RCom clarifies on reports of China bank filing insolvency case; stock tanks

STOCK MARKET – Reliance Communications tanked 6.37% to Rs 12.50 at 9:19 IST on BSE after the company issued a clarification on media reports that China development bank is filing insolvency case against the company.

Meanwhile, the S&P BSE Sensex was down 34.14 points or 0.1% at 33,690.30.

On the BSE, 9.73 lakh shares were traded on the counter so far as against the average daily volumes of 43.18 lakh shares in the past one quarter. The stock had hit a high of Rs 13 and a low of Rs 12.20 so far during the day. The stock had hit a 52-week high of Rs 41 on 6 April 2017 and a record low of Rs 9.60 on 15 November 2017.

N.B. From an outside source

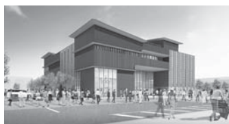
佐原駅周辺地区複合公共施設 完成イメージ

A 1階に千葉銀行とカフェ、3階に社会福祉協議会が入居予定です。利用時間は、図書館と子育て世代支援施設が午前9時から午後7時まで、公民館が午前9時から午後10時まで、観光情報発信施設が午前9時から午後5時までです。テナントは入居する事業者の運営時間によります。

Reliance Communications (RCom) issued a clarification to the stock exchanges after market hours yesterday, 27 November 2017, with regard to media news titled “China development bank files insolvency case against Reliance communications”. RCom said that the company has not been served any notice of the application filed by China Development Bank with NCLT, as reported in the media.

RCom is engaged through the joint lenders forum (JLF) with all its lenders for a successful resolution of the strategic debt restructuring (SDR) process. The China Development Bank has also been actively participating in the JLF. RCom said it is therefore, surprised by the untimely and premature action of the China Development Bank of filing an application at NCLT. RCom added that it continues to remain engaged with all lenders including the China Development Bank and is confident and committed to a full resolution with the support of all the lenders.

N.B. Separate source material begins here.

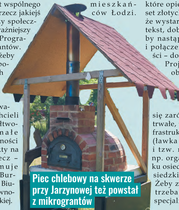
Piec chlebowy na skwerze przy Jarzynowej też powstał z mikrograntów

WIĘCEJ INFORMACJI O PROGRAMIE: CENTRUM PROMOCJI I ROZWOJU INICJATYW OBYWATELSKICH OPUS UL. NARUTOWICZA 8/10, 90-135 ŁÓDŹ TEL. (42) 207 73 39; 509 899 449 OPUS@OPUS.ORG.PL

Separately, RCom said it has entered into a binding share purchase agreement with Pantel Technologies and Veecon Media & Television for sale of its subsidiary Reliance BIG TV (RBTV), engaged in the business of direct-to-home (DTH) services across India.

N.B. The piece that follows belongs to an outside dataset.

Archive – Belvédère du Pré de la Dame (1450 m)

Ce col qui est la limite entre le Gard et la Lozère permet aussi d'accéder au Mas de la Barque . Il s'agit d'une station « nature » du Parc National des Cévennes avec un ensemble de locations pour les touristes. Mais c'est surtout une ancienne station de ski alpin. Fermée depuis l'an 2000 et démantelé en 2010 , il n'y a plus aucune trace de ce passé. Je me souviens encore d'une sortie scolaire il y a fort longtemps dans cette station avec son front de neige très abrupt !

Pursuant to this transaction, the buyers will acquire the entire shareholding of RBTV with business on an “as-in, where is” basis, along with existing trade and contingent liabilities. The transaction will help to reduce the liability of unsecured creditors, benefitting all stakeholders, including lenders and shareholders of RCom. The transaction is in consonance with RCom’s stated objective to focus on B2B businesses of the new RCom, the company said in a statement.